Different types of data structures are suited to different kinds of applications, and some are highly specialized to specific tasks. For example, relational databases commonly use B-tree indexes for data retrieval, while compiler implementations usually use hash tables to look up identifiers.

Data structures provide a means to manage large amounts of data efficiently for uses such as large databases and internet indexing services. Usually, efficient data structures are key to designing efficient algorithms. Some formal design methods and programming languages emphasize data structures, rather than algorithms, as the key organizing factor in software design. Data structures can be used to organize the storage and retrieval of information stored in both main memory and secondary memory.

Implementation
Data structures are generally based on the ability of a computer to fetch and store data at any place in its memory, specified by a pointer—a bit string, representing a memory address, that can be itself stored in memory and manipulated by the program. Thus, the array and record data structures are based on computing the addresses of data items with arithmetic operations, while the linked data structures are based on storing addresses of data items within the structure itself. 
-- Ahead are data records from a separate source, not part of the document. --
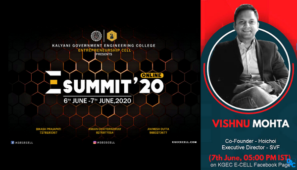 So do not miss this golden opportunity as KGEC E-Cell gives you the chance to interact with him in their flagship event, E-Summit 2020 on 7th June, 5 pm onwards. Show your present online to be a part of the first-ever online E–Summit and get a chance to hear Mr Vishnu Mohta live.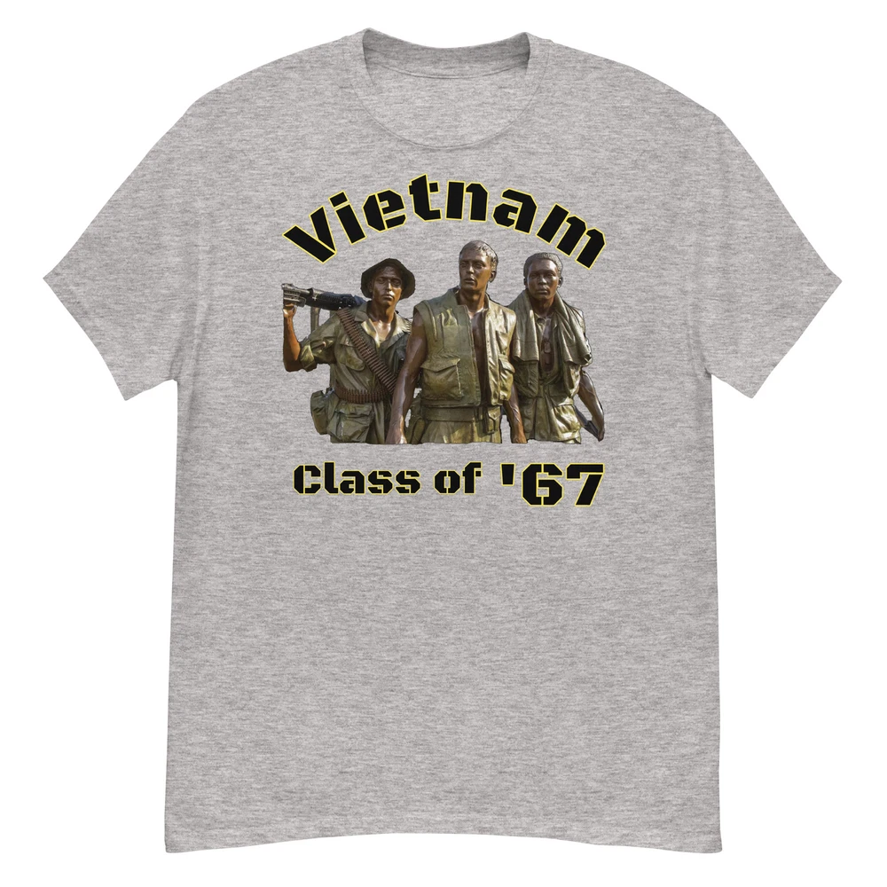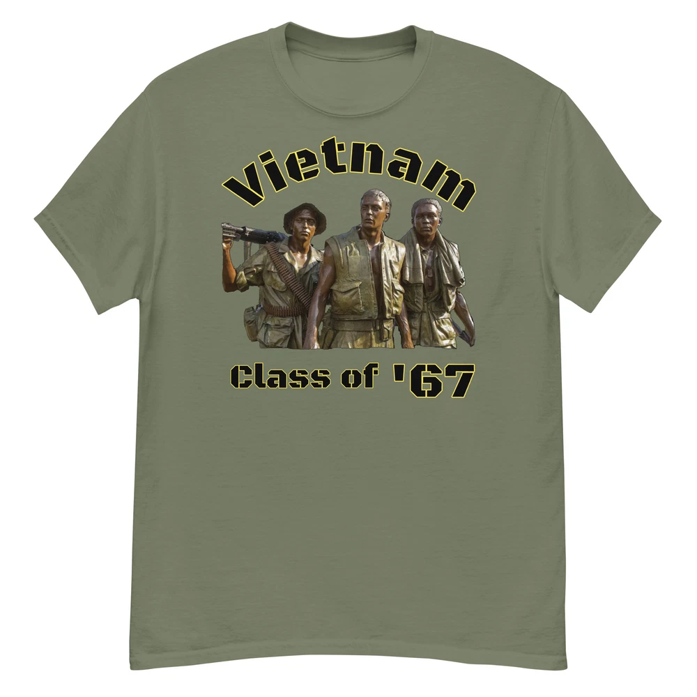 Hello and THANK YOU for looking! THE NAM CLASS OF '67- TELL ME WHAT YEAR YOU WERE THERE!!!! I CAN MAKE YOU ONE WITH YOUR YEAR OF SERVICE...(THANK YOU FOR YOUR SERVICE) PLEASE MEASURE AND MAKE SURE OF YOUR SIZE BEFORE ORDERING. NEW DESIGNS DAILY. CHECK OUT MY STORE. THE ULTIMATE COOL AND COMFORTABLE TEE SHIRT FOR ALL SEASONS - THIS IS ONE OF A KIND ART NOT FOUND IN ANY OTHER STORE IN THE WORLD. GREAT FOR GIFT OR WEAR DAILY SEE SIZE CHART AND MEASURE YOURSELF FOR A PERFECT FIT.. Welcome to Aurelio Designs, where we design “Art to Wear” clothes and T-Shirts. We aim to make you the coolest person in the room! PLEASE make sure you visit our store- as we are coming out with new designs daily that you won’t generally find in searches. Again, Please Click on “AURELIO DESIGNS STORE” and visit the store! This cool shirt is a year round go-to garment for all your indoor or outdoor activities. Comfortable fit with a crew-neck and designed with an artistic flair! Walking wearable art! The 100% cotton men's classic tee will help you land a more structured look. It sits nicely, maintains sharp lines around the edges, and goes perfectly with layered streetwear outfits. Plus, it's extra trendy now! • 100% cotton • Sport Grey is 90% cotton, 10% polyester • Ash Grey is 99% cotton, 1% polyester • Heather colors are 50% cotton, 50% polyester • Fabric weight: 5.0–5.3 oz/yd² (170-180 g/m²) • Open-end yarn • Tubular fabric • Taped neck and shoulders • Double seam at sleeves and bottom hem • Blank product sourced from Honduras, Nicaragua, Haiti, Dominican Republic, Bangladesh, Mexico Size guide LENGTH (inches) WIDTH (inches) SLEEVE LENGTH (inches) M 29 20 17 L 30 22 18 ½ XL 31 24 20 2XL 32 26 21 ½ 3XL 33 28 22 ¾ LENGTH (cm) WIDTH (cm) SLEEVE LENGTH (cm) M 73.7 50.8 43.2 L 76.2 55.9 47 XL 78.7 61 50.8 2XL 81.3 66 54.6 3XL 83.8 71.1 58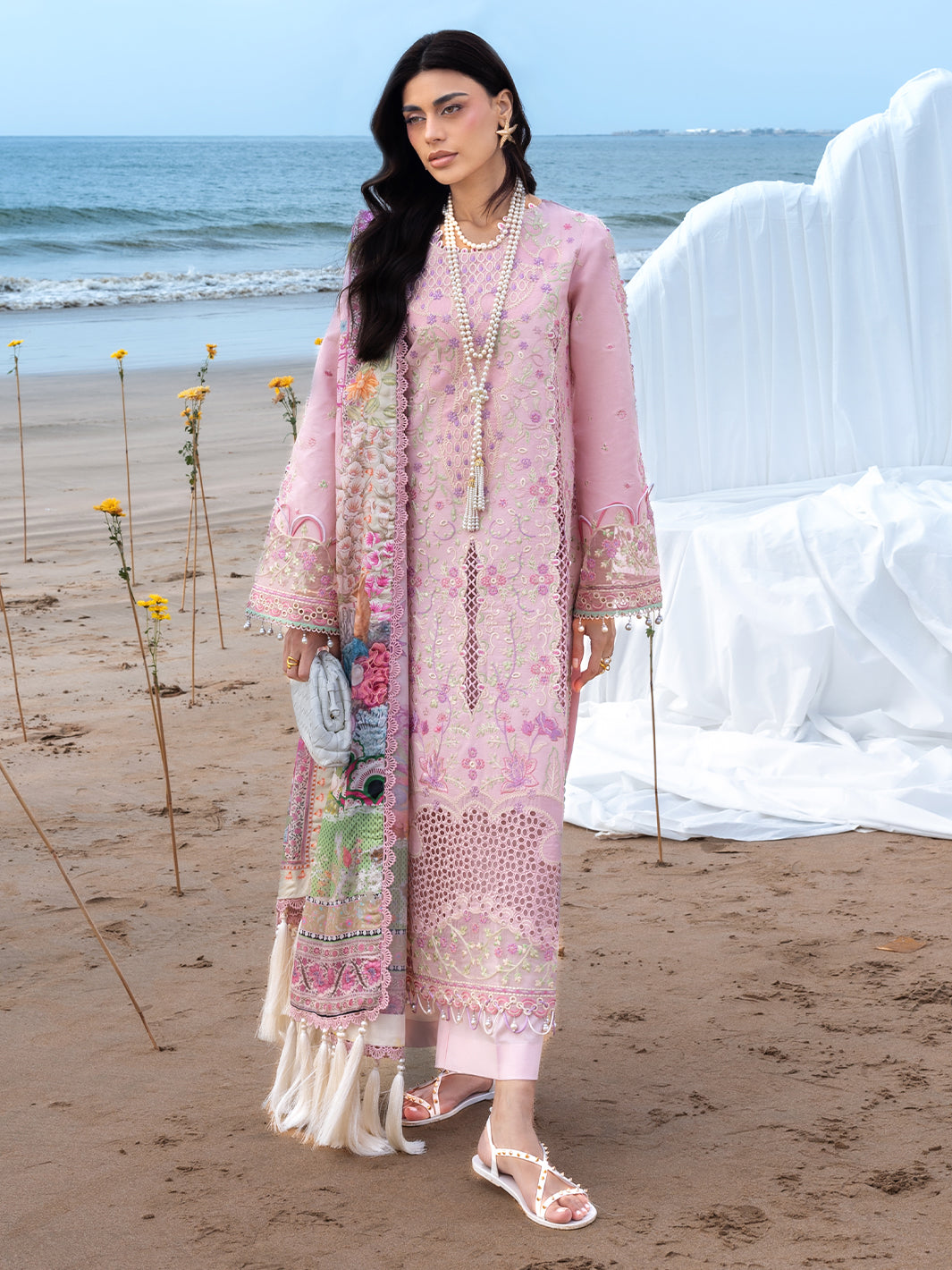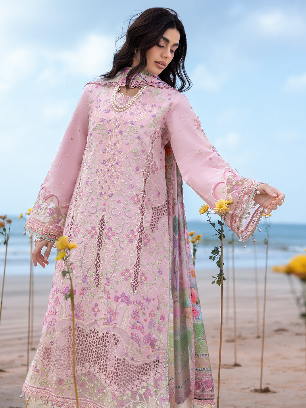 Summary: Experience the epitome of summer elegance with the Mahnur Sirene Luxury Lawn S-012. This exquisite Pakistani Suit features a fully embroidered Lawn shirt in a soft, romantic Pink hue, perfect for beating the heat in style. The intricate thread work and delicate cut-out details on the shirt front exude sophistication, making it an ideal choice for Party Wear or festive Eid gatherings during the Spring/Summer season. Complemented by a vibrant printed Silk dupatta that adds a touch of luxury, this unstitched dress material allows for tailored perfection. Whether for a daytime event or a casual formal meetup, this breathable ensemble offers a blend of traditional grace and modern fashion. Shop this authentic ethnic wear online to elevate your wardrobe.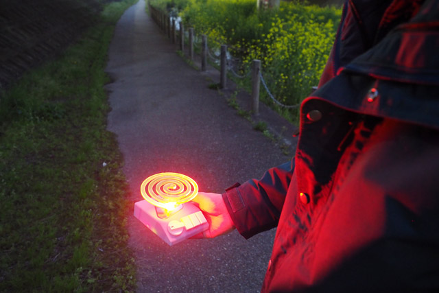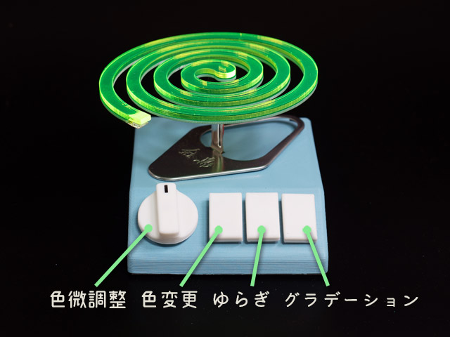 これは以前つくった、今の季節にぴったりな光る蚊取り線香(フィギュア)。特に意味はないけど風流です。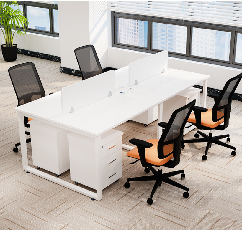 Meja Keuangan Modern Sederhana Model Baru Meja Kerja Staf Kantor Meja Kursi Kombinasi Kursi Meja Komputer Tempat Kartu Layar 4 Orang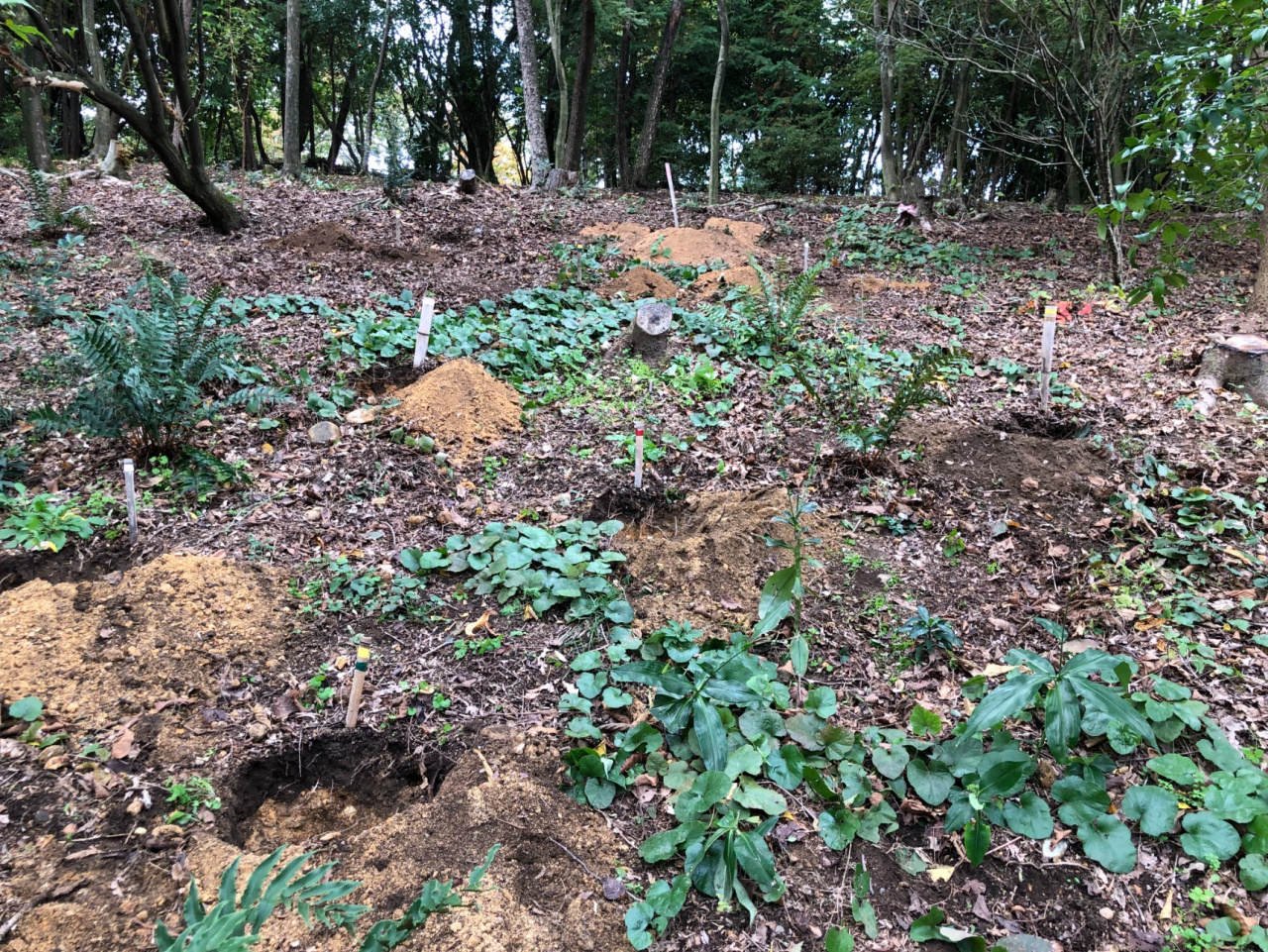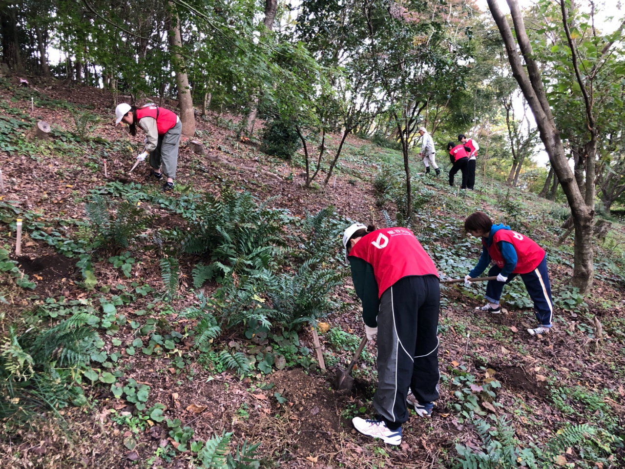季節によって活動内容は異なり、この日は斜面に苗木を植えるための穴掘りに奮闘しました。緩やかではあるものの不安定な斜面で、ツルハシやスコップなどを使って30-60cmの幅と深さに掘っていくという体力が必要な活動でしたが、自然に囲まれた中で気持ちの良い汗をかくことができました。
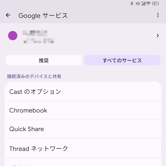 設定のGoogleよりすべてのサービス>Quick Shareをタップします。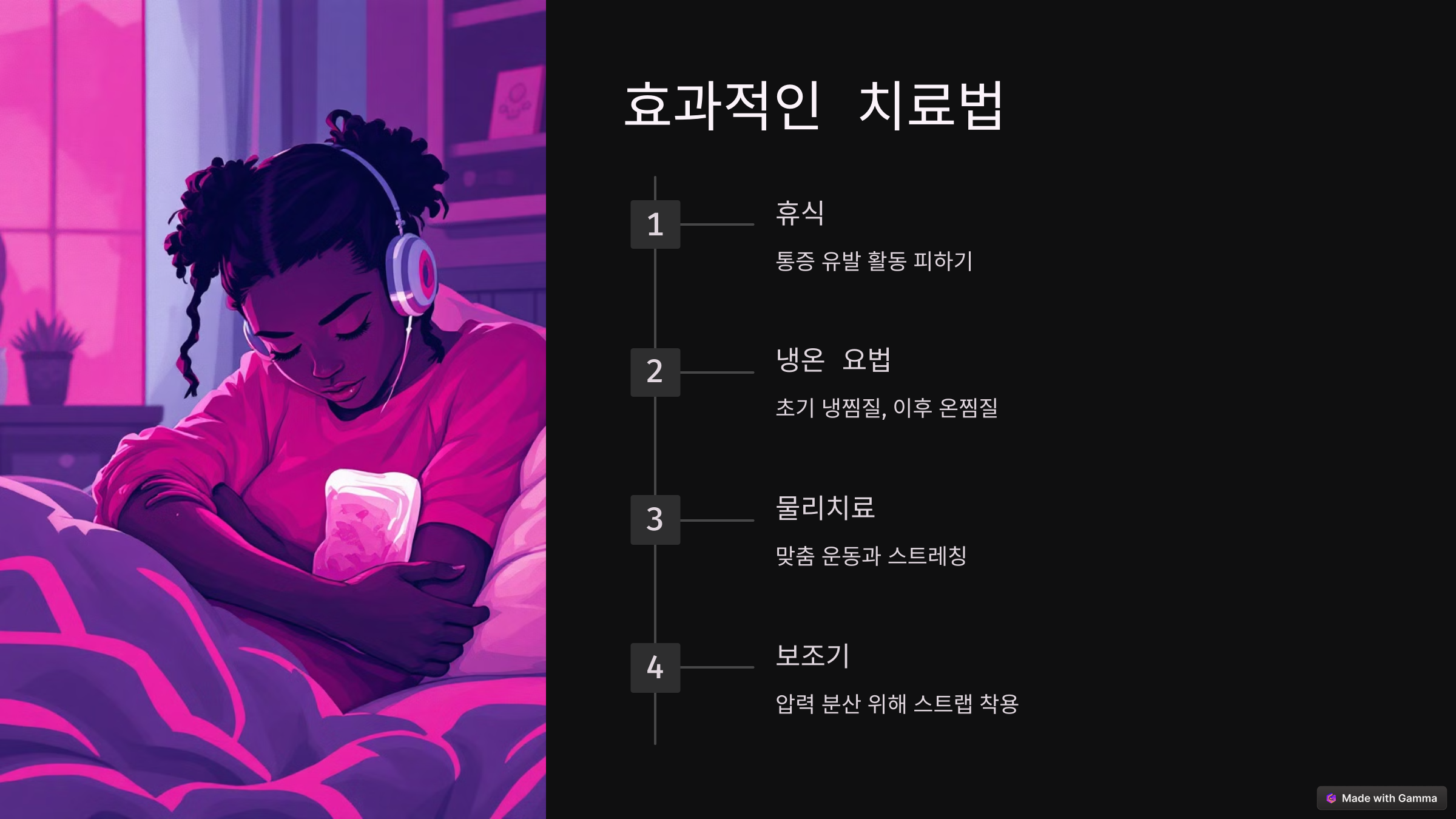 - 냉온 요법: 초기에는 냉찜질로 염증을 줄이고, 이후 온찜질로 혈액 순환을 촉진하여 회복을 돕습니다.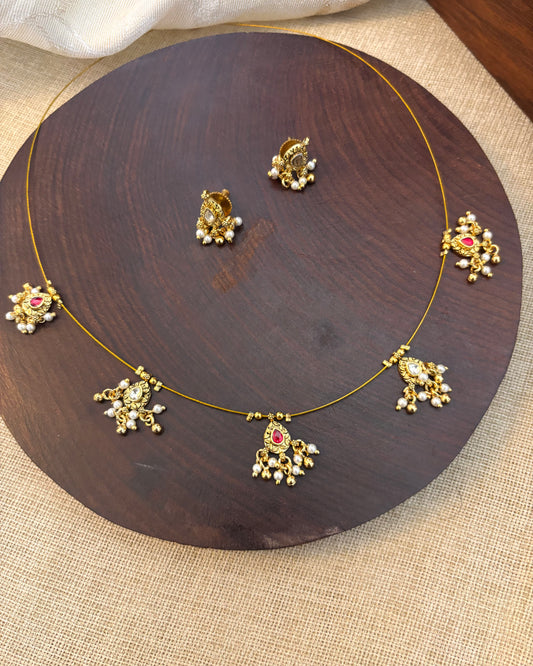 Antique Jadau Kundan Invisible Chain Necklace with Earrings | NC132
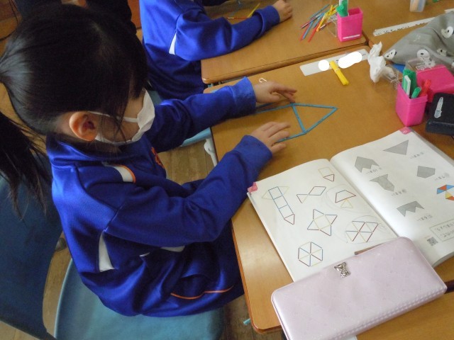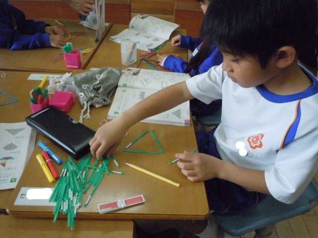 算数の時間です。数え棒を使って、提示された形をつくっています。数え棒の数が増えても、落ち着いて形をつくっています。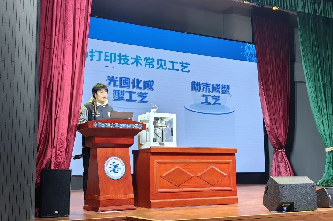 王一安和黄昊分别来自中国海洋大学海德学院和化学化工学院。两位同学向七年级学生详细介绍了3D打印技术的历史、现状和未来的发展趋势,带领同学们了解这项技术的实际应用和潜在价值。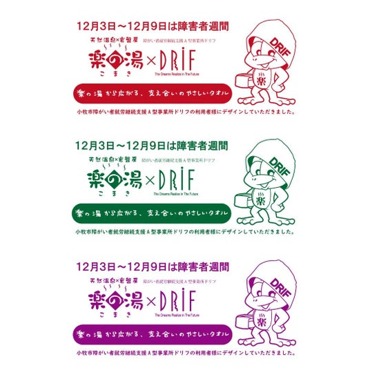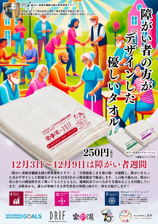 障がい者週間を記念し、障がい者の方がデザインした特別タオルを数量限定で販売します。地域と共に歩む「こまき楽の湯」が贈る、誰もが参加できる共生社会を目指す心温まるプロジェクトです!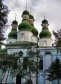 | St. Nicholas Cathedral | Nizhyn | 1655–1658 | Large cruciform nine-part five-dome church. Much of the exterior decoration has been reconstructed hypothetically. It iconostasis was made in the 1730s and destroyed in the Soviet period.[9] This church is the prototype of Ukrainian Baroque cruciform five-dome churches. | |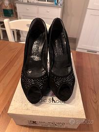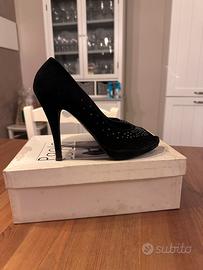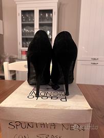 Eleganti décolleté nere con tacco alto e plateau, presentano una tomaia in camoscio decorata con strass applicati sulla parte anteriore e lungo il lato della scarpa. Modello: Décolleté spuntate (open-toe) con tacco a spillo e plateau. Materiale: Camoscio nero con rivestimento interno in pelle costo nuove: 139€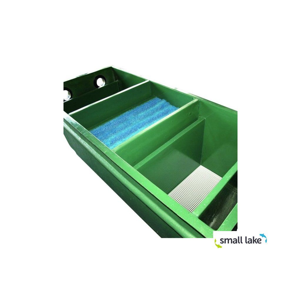 Profesionální filtrace pro zahradní jezírka Tripond v provedení - komorový filtr, je svojí konstrukcí velmi jednoduchá a přitom tolik účinná. Na trhu se nachází již mnoho let a za tuto dobu je prověřena jejich kvalita a spolehlivost. Jejich velikost je v porovnání s konkurencí podstatně větší, ale díky naším zkušenostem můžeme říci, že jejich velikost je adekvátní k udávanému objemu vody v jezírku, který zvládnou přefiltrovat. Sami tyto filtrace používáme při našich realizacích, namontovali jsme již mnoho a nezaregistrovali jsme jediný problém s funkčností filtru. Tripond komorový filtr se používá především v místech, kde není dostatečný prostor pro umístění filtru Tripond center vortex. Je vyroben ze silných plátů laminátu, je tak zajištěna jeho kvalita a trvanlivost. Bezpečně odolává klimatickým podmínkám a i po letech užívání není patrné opotřebení materiálu. Složení jednotlivých komor je různé, záleží totiž na velikosti filtru a počtu komor, které filtr obsahuje. Každá komora obsahuje odkalovací ventil, čištění a odkalování filtru je tak velmi jednoduché a pohodlné. Jednotlivé komory jsou vyspádované směrem k odkalovacímu ventilu, čímž dojde k úplnému odkalení beze zbytku. Tento typ filtru je standardně dodáván bez odstředivky, která zlepšuje účinnost filtru. Zachytává především mechanické nečistoty jako jsou výkaly, řasy, zbytky rostlin, bahno a kal. Odstředivku Vortex lze k filtrům Tripond - komorový filtr přikoupit. Samotná mechanická filtrace je posílena přítomností filtračních kartáčů, které se nacházejí v první komoře. Velmi důležitou roli ve filtru hraje biologická filtrace, která zajišťuje čistou vodu. Platí zde přímá úměra: čím větší plocha biologické filtrace, tím čistší voda v jezírku.Nezapojené filtry je možné vidět na prodejně v případě, že máme tyto filtry skladem.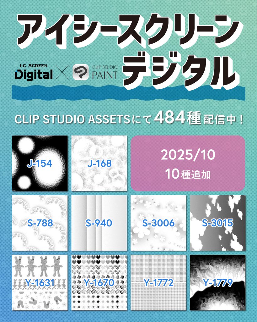 CLIP STUDIO PAINTでご使用いただける「アイシースクリーンデジタル」の2025年10月分の品番が追加されました。アイシースクリーンデジタルは毎月10日前後(10日が土日祝の場合は前倒しの平日)に10種の品番の追加を予定しております。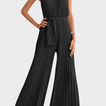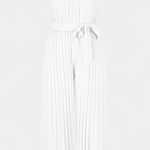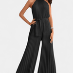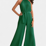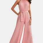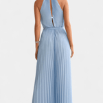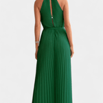 • Silhueta e movimento: Tecido plissado, corte Palazzo e decote halter criam movimento e extensão visual.

The implementation of a data structure usually requires writing a set of procedures that create and manipulate instances of that structure. The efficiency of a data structure cannot be analyzed separately from those operations. This observation motivates the theoretical concept of an abstract data type, a data structure that is defined indirectly by the operations that may be performed on it, and the mathematical properties of those operations (including their space and time cost).

Examples

There are numerous types of data structures, generally built upon simpler primitive data types. Well known examples are:
 An array is a number of elements in a specific order, typically all of the same type (depending on the language, individual elements may either all be forced to be the same type, or may be of almost any type). Elements are accessed using an integer index to specify which element is required. Typical implementations allocate contiguous memory words for the elements of arrays (but this is not always a necessity). Arrays may be fixed-length or resizable.
 A linked list (also just called list) is a linear collection of data elements of any type, called nodes, where each node has itself a value, and points to the next node in the linked list. The principal advantage of a linked list over an array is that values can always be efficiently inserted and removed without relocating the rest of the list. Certain other operations, such as random access to a certain element, are however slower on lists than on arrays.
 A record (also called tuple or struct) is an aggregate data structure. A record is a value that contains other values, typically in fixed number and sequence and typically indexed by names. The elements of records are usually called fields or members. In the context of object-oriented programming, records are known as plain old data structures to distinguish them from objects.
 Hash tables, graphs, stacks, queues, trees, binary trees and tries.

Language support
Most assembly languages and some low-level languages, such as BCPL (Basic Combined Programming Language), lack built-in support for data structures. On the other hand, many high-level programming languages and some higher-level assembly languages, such as MASM, have special syntax or other built-in support for certain data structures, such as records and arrays. For example, the C (a direct descendant of BCPL) and Pascal languages support structs and records, respectively, in addition to vectors (one-dimensional arrays) and multi-dimensional arrays.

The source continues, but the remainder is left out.